Nigeria, tra violenza e speranza

Il 23 febbraio scorso in Nigeria si sono tenute le seste elezioni generali dal 1999, anno in cui i militari lasciarono ufficialmente il potere per un ritorno ad un governo civile. Il voto, inizialmente schedulato per il 16 febbraio, è stato posticipato con una decisione improvvisa proprio a poche ore dall’inizio dell’apertura dei seggi. La decisione all’ultimo momento ha generato non pochi disagi, soprattutto a coloro che, per votare, hanno dovuto affrontare lunghi viaggi. Come si temeva, le elezioni sono state accompagnate da numerosi episodi di violenza. Solo nell giorno delle elezioni sono morte almeno 27 persone, secondo alcune Ong. Sono state segnalate diverse esplosioni nel nord-est del paese, zona in cui è forte la presenza di Boko Haram.

La Nigeria è lo stato più popoloso e con l’economia più grande dell’Africa e, sebbene sia un paese con un’età media estremamente bassa, a contendersi il ruolo di presidente saranno due settantenni. Muhammadu Buhari, 73enne presidente uscente, è dato in vantaggio sul principale sfidante Atiku Abubakar. Il secondo, uno degli uomini più ricchi e in passato vicepresidente nigeriano, negli scorsi anni è stato accostato a casi di corruzione. Nemmeno il presidente Buhari, già in passato a capo di un governo militare, gode di una grande popolarità. Deve difendersi dalle critiche di debolezza sui punti cruciali del suo mandato, la sicurezza e la corruzione. Dopo quattro anni di governo, lascia una Nigeria ancora dilaniata dai problemi che aveva trovato. Un paese che è specchio del mondo e dei suoi problemi. Le difficoltà economiche lo rendono uno degli stati con maggiori tassi di emigrazione al mondo. Da qui partono molti dei migranti che arrivano sulle coste europee. In realtà, l’Europa non è che una delle mete dei flussi, che nella maggior parte dei casi sono interni al continente africano. Per esempio, le recenti ondate migratorie sono la causa di crescenti episodi di discriminazione nei confronti dei nigeriani nel vicino Ghana. La vicenda ha, in realtà, radici più lontane. Nel 1983 più di un milione di stranieri, per la maggior parte cittadini del Ghana, furono espulsi dalla Nigeria con l’accusa di togliere lavoro ai locali.

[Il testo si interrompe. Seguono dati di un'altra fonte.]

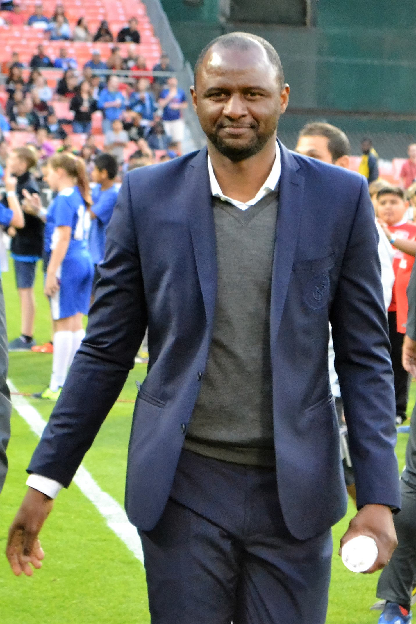 Patrick Vieira, NYCFC Coach, in 2016

Anche dal punto di vista della sicurezza il presidente Buhari non può vantare troppi successi. Nonostante le continue dichiarazioni di vittoria, il gruppo terroristico di matrice islamica Boko Haram ha recentemente riguadagnato forza. Anche dalle stesse forze armate sono arrivate critiche sullo scarso livello di equipaggiamento dell’esercito, con le accuse al governo di sperperare i fondi. I soldati faticano a mantenere il controllo del nord-est del paese, dove subiscono continui attacchi. Anche nella zona centrale, la cosiddetta middle-belt, la presa del governo è debole. Nella regione è in atto da anni uno scontro per la sopravvivenza tra allevatori e contadini. Con il cambiamento climatico causa di siccità, le terre aride si espandono velocemente. I terreni fertili rimasti diventano motivo di violenti scontri tra i più poveri. Recentemente, Amnesty International ha denunciato i fallimenti del governo nel porre un freno agli scontri. Il rapporto pubblicato denuncia atroci violenze che spesso si trasformano in odio etnico e religioso.

Le basse percentuali di affluenza segnalano la crescente disaffezione dei nigeriani. Sono in pochi a credere che queste elezioni risolveranno i problemi profondi di un paese che rimane terra di contraddizioni. Lo stato con il Pil più elevato in Africa e, allo stesso tempo, quello che nel 2018 ha superato l’India come nazione con maggior numero di abitanti sotto la soglia di povertà. Una terra di enormi ricchezze- basti pensare che il petrolio da solo costituisce il 9% della ricchezza totale- depredate da corruzione e ingerenze estere, dove gli ultimi sono costretti ad ammazzarsi per la terra e per il cibo.